Forum Discussion
Just to elaborate on what I realize is an otherwise broad question...
If I were optimizing my example I'd look to unroll the lcg48.step() loop and then parallelize the work items enough to use all the memory bandwidth. Then each work item "column" could be pipelined. For example if there's 256 bit wide memory, I'd have <=8 pipelines (256/32) and each pipeline would process ceil(20/8) work items. (Ok, my choice of example parameters isn't all that great, but I kept things small so I could see things. You get the idea ;^)). So back to the original question. I can use "#pragma unroll" to unroll the inner loop (and observe that i the report.html). What I don't see how to control how many parallel pipelines are created. (see note). I don't think it's happening automatically; or a least I don't see anything in the report.html to suggest that it is.
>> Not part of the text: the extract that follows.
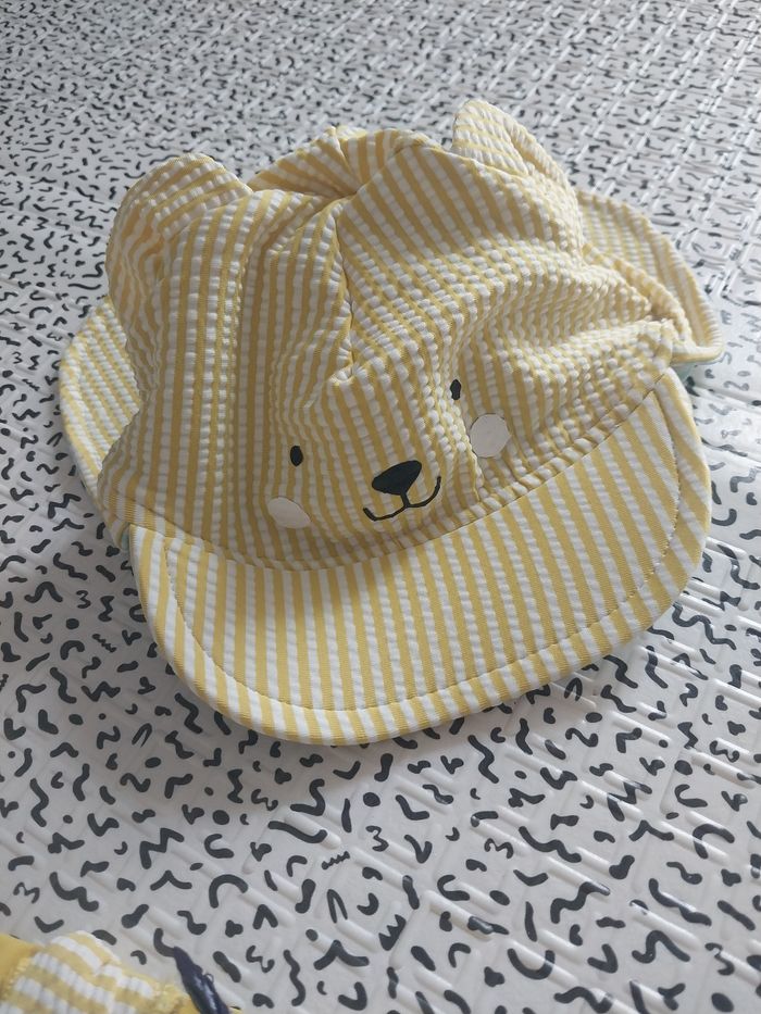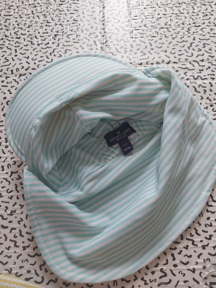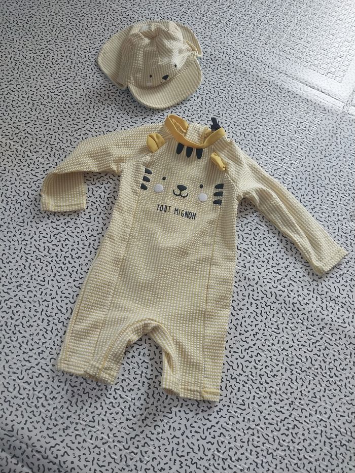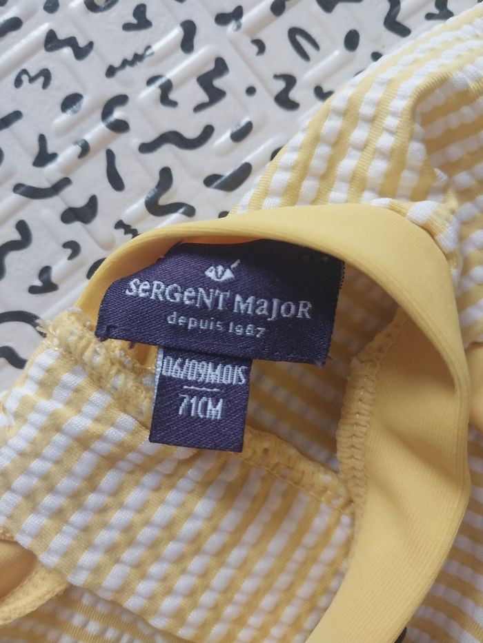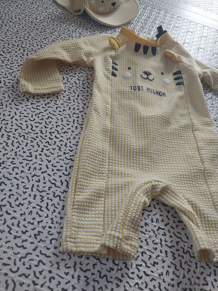 Adorable ensemble Sergent Major, motif tigre « Tout mignon ». Comprend : ✔ combinaison anti-UV manches longues ✔ casquette assortie avec petites oreilles Couleurs jaune rayé, détails brodés. Taille 6-9 mois (voir étiquette). Très bon état, porté peu — idéal été, plage, piscine et vacances ☀️ Maison non fumeur. Photos conformes. #sergentmajor #antiuv #maillot #combinaison #6mois

Hope that narrows things a little bit.
note: unrolling both loops in the k1a and you do see what looks like parallelism in the graph view of report.html.
- CFR5 years ago
New Contributor
Just to follow up in case someone else might be trying similar experiments...
I took the OneAPI/FPGA Tutorial at FPL2020 (highly recommend it). One of the things stressed in the tutorial was that the compilers are better at handling "single_task" and not so much good at "parallel_for". It was really stressed to use "single_task". This didn't come across to me in the documentation.